>>>>>

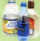
Plastic bottles (necks smaller than base)
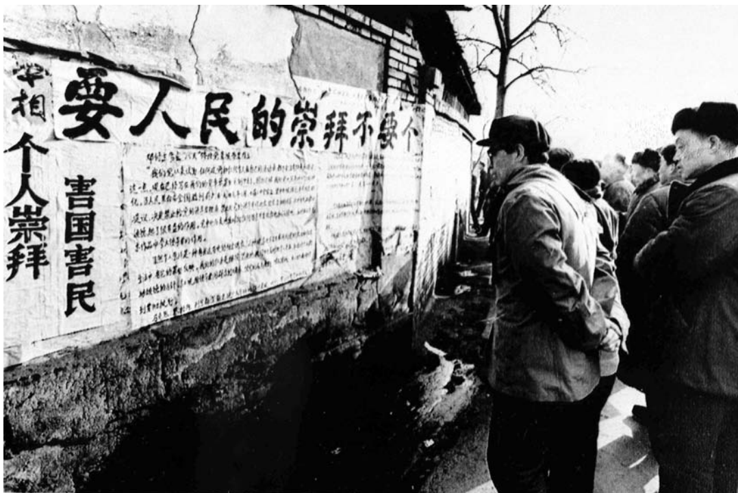
The 'Democracy Wall' in Beijing, 1979.

16 Study the photograph, and then answer the questions which follow.

<<<<<

- **PROBLEM REQUIREMENTS**: Set down all the data again exactly as above, pictures excluded.

- **RESPONSE BOX**:
Plastic bottles (necks smaller than base)
The 'Democracy Wall' in Beijing, 1979.

16 Study the photograph, and then answer the questions which follow.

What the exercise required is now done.